Sentence: 15 years
Offense: Felon in possession of a firearm
Triggering priors: Oklahoma state: 2nd degree burglary (1997); 2 counts DUI (1992), escape (1997)
Year sentenced: 2007
Age at sentencing: 45
Projected release date: Aug. 2, 2020
Nature of priors: Patrick was sentenced to four years in state prison and fined $2,500 for his DUI offenses. Five years later, in the grips of a cocaine and methamphetamine addiction, he forged two credit card slips, broke into two buildings, and concealed property stolen from one of the buildings over a 12-day period. Patrick was charged with second degree burglary and sentenced to 40 years in Oklahoma state prison. Panicked at the prospect of a veritable life sentence, Patrick left his unsupervised prison work assignment and drove away in a truck that belonged to the city. He was apprehended two weeks later. His sentence was enhanced for the escape but later reduced from 40 to 20 years.

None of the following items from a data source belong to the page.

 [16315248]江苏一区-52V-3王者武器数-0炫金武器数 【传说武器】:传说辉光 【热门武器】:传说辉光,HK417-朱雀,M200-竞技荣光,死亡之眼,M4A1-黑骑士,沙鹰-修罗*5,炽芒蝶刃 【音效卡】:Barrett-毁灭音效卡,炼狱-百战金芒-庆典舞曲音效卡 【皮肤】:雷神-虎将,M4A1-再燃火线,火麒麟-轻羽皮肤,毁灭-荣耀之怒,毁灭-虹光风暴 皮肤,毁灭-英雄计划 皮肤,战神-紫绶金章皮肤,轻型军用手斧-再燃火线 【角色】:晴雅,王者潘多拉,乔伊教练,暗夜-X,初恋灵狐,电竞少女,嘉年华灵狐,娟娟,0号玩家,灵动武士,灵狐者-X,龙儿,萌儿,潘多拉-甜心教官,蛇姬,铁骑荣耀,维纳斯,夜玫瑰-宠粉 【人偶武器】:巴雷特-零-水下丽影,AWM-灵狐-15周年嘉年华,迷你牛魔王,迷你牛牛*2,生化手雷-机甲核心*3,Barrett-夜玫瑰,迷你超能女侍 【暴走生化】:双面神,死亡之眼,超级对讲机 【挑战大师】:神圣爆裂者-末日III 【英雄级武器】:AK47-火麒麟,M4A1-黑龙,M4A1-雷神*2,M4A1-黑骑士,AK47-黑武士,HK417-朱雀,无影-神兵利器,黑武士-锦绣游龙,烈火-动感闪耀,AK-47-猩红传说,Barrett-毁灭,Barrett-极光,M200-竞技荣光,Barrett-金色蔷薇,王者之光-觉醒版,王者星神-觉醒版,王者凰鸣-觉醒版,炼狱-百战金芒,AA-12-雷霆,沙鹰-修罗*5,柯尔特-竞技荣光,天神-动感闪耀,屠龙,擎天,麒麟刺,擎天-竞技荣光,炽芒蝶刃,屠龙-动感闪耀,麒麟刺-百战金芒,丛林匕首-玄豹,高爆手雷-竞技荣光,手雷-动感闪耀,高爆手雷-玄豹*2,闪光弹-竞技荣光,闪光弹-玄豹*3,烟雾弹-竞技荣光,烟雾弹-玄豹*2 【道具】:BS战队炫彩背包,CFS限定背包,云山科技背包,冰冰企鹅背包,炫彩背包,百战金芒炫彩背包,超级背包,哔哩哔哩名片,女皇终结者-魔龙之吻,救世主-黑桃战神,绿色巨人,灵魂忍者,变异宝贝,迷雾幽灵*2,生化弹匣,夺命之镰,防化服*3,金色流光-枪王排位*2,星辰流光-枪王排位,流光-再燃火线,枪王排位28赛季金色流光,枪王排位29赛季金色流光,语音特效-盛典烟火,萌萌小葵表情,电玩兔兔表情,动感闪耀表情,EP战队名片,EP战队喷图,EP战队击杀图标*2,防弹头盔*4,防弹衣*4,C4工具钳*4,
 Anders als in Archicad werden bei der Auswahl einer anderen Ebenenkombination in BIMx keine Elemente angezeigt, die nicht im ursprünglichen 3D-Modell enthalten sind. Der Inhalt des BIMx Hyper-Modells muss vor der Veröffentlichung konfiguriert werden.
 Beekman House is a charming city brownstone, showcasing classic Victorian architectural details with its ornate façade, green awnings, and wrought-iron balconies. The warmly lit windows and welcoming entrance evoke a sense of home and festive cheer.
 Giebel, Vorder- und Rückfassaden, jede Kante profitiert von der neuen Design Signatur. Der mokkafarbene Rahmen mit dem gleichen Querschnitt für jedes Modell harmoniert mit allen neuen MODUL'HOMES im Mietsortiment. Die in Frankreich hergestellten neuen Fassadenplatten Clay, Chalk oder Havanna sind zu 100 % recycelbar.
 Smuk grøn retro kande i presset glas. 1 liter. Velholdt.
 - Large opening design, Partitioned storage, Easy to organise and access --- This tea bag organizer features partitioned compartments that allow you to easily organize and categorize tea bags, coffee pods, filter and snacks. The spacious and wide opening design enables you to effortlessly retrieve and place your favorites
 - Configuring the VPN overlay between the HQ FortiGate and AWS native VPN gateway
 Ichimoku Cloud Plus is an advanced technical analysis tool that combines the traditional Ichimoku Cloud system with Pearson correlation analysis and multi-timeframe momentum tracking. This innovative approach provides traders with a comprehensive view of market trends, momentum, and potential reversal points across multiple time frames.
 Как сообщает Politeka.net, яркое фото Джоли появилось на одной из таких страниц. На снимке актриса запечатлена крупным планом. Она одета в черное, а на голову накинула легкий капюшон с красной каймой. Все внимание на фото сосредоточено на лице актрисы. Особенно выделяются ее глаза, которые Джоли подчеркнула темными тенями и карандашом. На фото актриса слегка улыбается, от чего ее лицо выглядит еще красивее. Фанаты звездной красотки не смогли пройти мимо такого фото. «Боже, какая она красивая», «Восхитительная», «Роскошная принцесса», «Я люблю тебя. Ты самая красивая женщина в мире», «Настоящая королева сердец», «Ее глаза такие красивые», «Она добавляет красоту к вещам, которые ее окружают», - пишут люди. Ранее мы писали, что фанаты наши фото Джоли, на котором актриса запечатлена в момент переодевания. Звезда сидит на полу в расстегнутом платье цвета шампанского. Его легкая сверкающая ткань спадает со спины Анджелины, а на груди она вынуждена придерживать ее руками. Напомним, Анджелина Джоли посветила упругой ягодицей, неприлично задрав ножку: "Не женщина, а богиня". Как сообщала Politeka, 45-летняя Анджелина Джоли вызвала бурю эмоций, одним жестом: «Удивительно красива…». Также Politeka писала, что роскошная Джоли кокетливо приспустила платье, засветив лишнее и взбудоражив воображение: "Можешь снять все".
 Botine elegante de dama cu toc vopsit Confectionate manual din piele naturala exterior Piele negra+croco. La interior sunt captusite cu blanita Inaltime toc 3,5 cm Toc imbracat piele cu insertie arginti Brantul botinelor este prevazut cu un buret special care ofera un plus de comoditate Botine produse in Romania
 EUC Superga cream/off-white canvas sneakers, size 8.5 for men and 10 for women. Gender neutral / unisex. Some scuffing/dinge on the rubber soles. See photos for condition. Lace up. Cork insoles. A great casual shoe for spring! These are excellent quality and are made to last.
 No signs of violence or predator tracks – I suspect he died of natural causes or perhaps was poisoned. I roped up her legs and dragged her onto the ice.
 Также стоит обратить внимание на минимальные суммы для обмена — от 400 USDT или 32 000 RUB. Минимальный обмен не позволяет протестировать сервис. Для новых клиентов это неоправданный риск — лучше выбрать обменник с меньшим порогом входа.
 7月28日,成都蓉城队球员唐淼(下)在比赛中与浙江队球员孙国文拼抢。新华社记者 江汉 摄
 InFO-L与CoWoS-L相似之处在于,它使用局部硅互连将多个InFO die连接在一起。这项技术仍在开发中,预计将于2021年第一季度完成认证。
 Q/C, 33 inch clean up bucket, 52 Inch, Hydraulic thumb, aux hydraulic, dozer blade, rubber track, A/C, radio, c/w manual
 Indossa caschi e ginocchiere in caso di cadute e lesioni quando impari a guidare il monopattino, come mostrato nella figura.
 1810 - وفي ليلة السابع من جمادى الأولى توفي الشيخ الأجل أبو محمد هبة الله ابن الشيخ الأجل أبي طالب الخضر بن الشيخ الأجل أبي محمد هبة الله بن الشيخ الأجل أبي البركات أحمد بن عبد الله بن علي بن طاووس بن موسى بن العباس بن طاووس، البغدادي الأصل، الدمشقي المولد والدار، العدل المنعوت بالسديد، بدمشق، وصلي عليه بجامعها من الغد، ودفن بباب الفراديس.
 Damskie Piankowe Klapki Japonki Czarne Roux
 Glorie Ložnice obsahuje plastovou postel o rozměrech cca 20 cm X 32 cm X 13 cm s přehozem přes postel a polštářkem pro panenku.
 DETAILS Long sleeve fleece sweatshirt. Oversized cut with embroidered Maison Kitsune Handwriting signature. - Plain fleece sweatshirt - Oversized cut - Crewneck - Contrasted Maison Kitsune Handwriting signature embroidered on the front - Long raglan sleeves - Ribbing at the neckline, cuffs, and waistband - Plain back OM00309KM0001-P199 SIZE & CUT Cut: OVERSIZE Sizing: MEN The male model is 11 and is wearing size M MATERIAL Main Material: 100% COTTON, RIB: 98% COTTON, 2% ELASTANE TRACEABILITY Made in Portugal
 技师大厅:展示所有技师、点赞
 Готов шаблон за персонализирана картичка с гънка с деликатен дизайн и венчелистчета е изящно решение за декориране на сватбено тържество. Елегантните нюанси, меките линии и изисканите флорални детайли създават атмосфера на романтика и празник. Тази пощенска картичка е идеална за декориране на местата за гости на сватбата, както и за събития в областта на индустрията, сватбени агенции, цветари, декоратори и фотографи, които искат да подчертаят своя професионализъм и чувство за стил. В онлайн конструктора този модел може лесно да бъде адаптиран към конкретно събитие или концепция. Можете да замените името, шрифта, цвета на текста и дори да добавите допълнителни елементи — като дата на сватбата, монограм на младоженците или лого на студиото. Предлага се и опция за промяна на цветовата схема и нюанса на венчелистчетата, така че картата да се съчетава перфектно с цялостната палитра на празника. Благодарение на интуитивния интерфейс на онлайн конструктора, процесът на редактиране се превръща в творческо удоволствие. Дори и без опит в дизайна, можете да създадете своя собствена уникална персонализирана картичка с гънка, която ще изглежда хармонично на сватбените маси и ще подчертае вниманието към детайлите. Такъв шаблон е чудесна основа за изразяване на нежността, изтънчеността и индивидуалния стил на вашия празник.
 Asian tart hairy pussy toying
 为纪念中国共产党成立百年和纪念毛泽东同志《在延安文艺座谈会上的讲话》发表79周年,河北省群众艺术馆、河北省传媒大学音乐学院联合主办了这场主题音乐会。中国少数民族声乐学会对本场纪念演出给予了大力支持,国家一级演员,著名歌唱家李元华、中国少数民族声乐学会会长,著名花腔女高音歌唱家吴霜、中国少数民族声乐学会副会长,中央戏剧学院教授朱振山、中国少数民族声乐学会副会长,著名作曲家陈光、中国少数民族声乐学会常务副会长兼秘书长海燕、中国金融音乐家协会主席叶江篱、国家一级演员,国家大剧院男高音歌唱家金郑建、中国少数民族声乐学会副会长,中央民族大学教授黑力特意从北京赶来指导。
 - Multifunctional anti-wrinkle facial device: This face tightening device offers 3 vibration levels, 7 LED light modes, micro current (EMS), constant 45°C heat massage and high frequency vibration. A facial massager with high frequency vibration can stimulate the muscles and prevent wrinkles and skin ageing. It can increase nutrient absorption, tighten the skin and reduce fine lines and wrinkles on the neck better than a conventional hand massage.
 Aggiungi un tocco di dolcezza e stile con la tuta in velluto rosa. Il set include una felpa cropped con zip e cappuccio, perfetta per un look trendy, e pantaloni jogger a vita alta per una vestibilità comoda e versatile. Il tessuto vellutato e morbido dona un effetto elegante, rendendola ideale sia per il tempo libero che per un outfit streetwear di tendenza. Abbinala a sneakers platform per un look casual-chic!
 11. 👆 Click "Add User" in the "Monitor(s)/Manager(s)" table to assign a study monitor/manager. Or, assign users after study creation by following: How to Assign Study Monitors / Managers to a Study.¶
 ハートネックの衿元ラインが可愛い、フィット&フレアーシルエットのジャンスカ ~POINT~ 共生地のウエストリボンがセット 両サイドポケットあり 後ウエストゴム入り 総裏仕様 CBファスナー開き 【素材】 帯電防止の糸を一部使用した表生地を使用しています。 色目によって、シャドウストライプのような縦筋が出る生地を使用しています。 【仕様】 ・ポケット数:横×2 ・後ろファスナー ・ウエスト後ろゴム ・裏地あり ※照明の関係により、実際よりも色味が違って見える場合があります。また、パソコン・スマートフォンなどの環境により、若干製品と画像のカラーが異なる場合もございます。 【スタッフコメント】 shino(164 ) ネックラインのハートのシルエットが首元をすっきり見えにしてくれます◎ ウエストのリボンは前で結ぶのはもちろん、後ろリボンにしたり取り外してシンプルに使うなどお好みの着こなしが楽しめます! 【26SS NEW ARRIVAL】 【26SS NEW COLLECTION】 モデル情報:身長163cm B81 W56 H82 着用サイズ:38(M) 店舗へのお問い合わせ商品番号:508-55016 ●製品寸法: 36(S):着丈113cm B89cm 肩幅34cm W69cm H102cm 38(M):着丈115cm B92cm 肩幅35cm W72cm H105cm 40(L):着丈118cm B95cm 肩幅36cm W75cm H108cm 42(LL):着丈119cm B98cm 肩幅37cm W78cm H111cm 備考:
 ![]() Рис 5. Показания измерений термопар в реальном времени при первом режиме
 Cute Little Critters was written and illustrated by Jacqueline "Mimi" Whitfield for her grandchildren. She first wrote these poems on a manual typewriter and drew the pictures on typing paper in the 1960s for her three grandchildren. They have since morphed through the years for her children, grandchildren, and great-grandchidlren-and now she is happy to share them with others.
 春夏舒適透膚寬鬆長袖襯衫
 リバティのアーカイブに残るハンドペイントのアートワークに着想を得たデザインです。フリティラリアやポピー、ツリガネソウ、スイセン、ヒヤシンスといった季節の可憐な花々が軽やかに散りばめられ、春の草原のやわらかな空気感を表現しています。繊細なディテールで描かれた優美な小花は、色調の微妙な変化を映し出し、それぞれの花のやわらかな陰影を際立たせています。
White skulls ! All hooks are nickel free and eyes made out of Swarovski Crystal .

Patrick’s lengthy criminal record is closely linked to his early drug and alcohol addiction. He tried alcohol at age six and was drinking daily by his early twenties. At age 18, he began using methamphetamine weekly. This escalated to almost daily use until his arrest. Patrick was addicted to heroin, cocaine, Xanax, and Valium, using cocaine and consuming up to 15 pills every day. He would resort to stealing money and writing bad checks to get his next fix. Patrick attended college for several years in pursuit of an economics degree and found employment in the oil business. Despite his participation in many in-patient drug and alcohol counseling programs, he could not stop using drugs.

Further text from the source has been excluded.